Handstanding Rabbits Reveal There's A Key Gene That Gives The Bunny Its Hop

It looks like a circus trick but this is actually how sauteur d’Alfort rabbits get around. Image credit: Carneiro M et al., 2021, PLOS Genetics

Perhaps one of the most famous things about bunnies is their affinity for hopping, but did you know not all rabbits can do this? A rare domesticated breed known as sauteur d'Alfort rabbits ditched jumping in favor of a rather bizarre method of locomotion that essentially sees them do a handstand. They can walk along on their front paws like this seemingly without much trouble.

The normal gait of jumping rabbits is called saltatorial locomotion, which is also seen in kangaroos, hares, and some rodents. New research published in the journal PLOS Genetics wanted to pin down why the sauteur d’Alforts didn’t exhibit saltatorial locomotion, so they bred some with regular hopping rabbits to find out. By comparing the genotypes of their offspring and reflecting on how this influenced their phenotype (handstand or jump) they were able to identify that there was one key gene mutation that decided to hop, or not to hop.

The offspring's genomes revealed that the handstand developmental defect centered around a specific mutation in the RAR related orphan receptor B (RORB).
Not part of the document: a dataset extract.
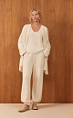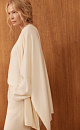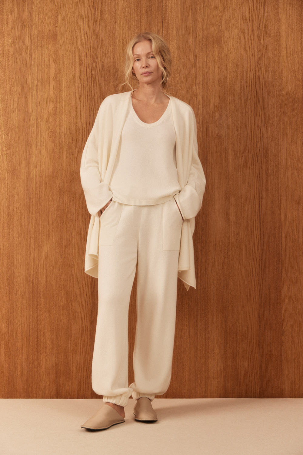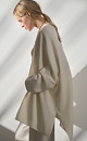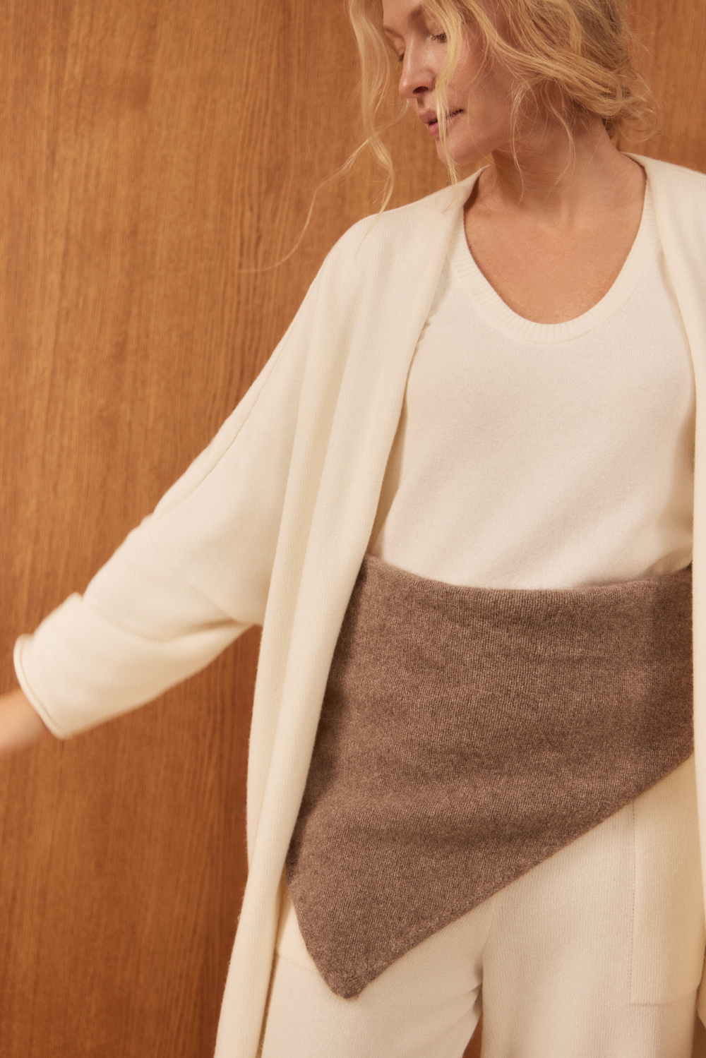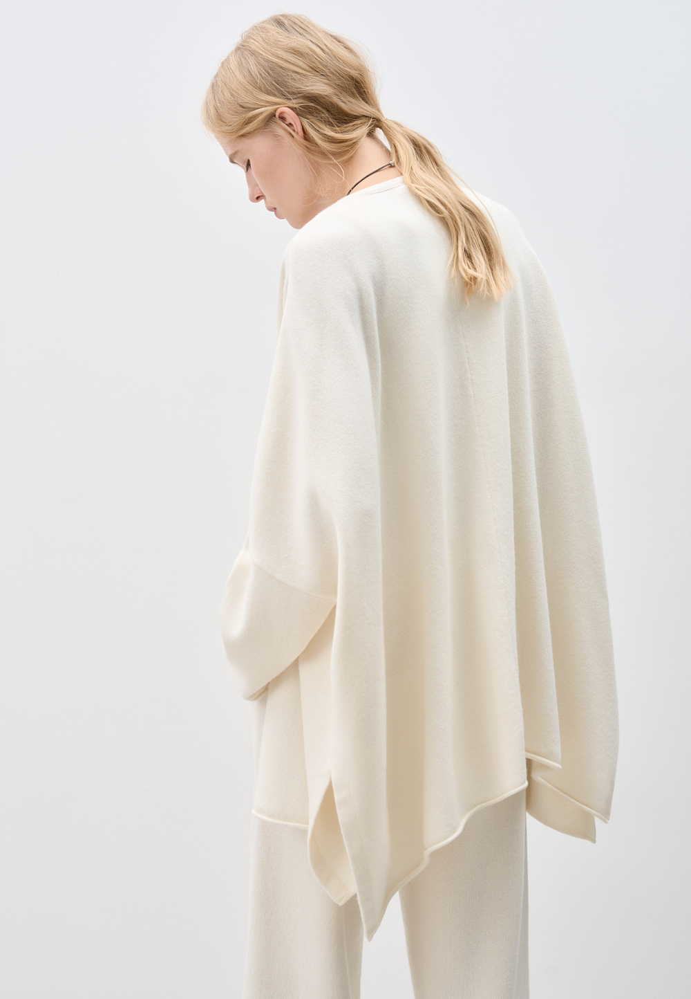 Knitted cardigan made of wool and cashmere. The model has a loose fit, with long wide sleeves and dropped shoulders. No clasp.

In the case of jumping buns, the RORB protein is common across their entire nervous system, but the mutation slashed the number of neurons in the spinal cord that produce RORB, culminating in the sauteur d'Alfort's topsy-turvy strut.
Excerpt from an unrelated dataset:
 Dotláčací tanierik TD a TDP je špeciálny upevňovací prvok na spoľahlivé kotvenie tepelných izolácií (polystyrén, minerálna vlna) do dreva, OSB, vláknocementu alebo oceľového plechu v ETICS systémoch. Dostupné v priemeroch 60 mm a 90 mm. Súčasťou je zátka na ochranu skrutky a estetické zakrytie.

Previous research found that RORB also had an unusual effect on mouse locomotion, who lost their smooth, rhythmic gait when a similar mutation to that of the sauteur d’Alforts was present in their genome.
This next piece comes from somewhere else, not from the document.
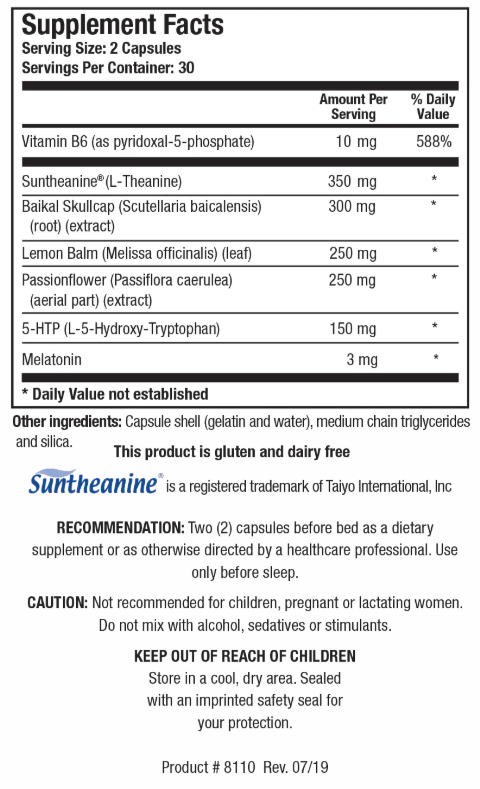 Take two (2) capsules before bed, or as directed by your healthcare professional. Use only before sleep. Not recommended for children, pregnant, or lactating women. Do not mix with alcohol, sedatives, or stimulants.

"This study provides a rare example of an abnormal gait behavior mapped to a single base change and the first description of a gene required for saltatorial locomotion," the authors concluded in a statement. "It further demonstrates the importance of the RORB protein for the normal wiring of the spinal cord, consistent with previous studies in mouse."

Sauteur d’Alforts aren’t the only surprise gymnasts of the animal kingdom. In 2015, an unmanned camera in the Happy Valley of Saguaro National Park in Arizona, captured a skunk doing a handstand in the middle of the night. 


Shared by the National Parks Service, it looks funny but is actually an act of aggression used to intimidate its foes. It does this to appear larger and show off its bold markings – basically acting as the last warning before it sprays its notorious musk. Producing stinky goo is an expensive physiological undertaking, so the skunks will hold out if they can.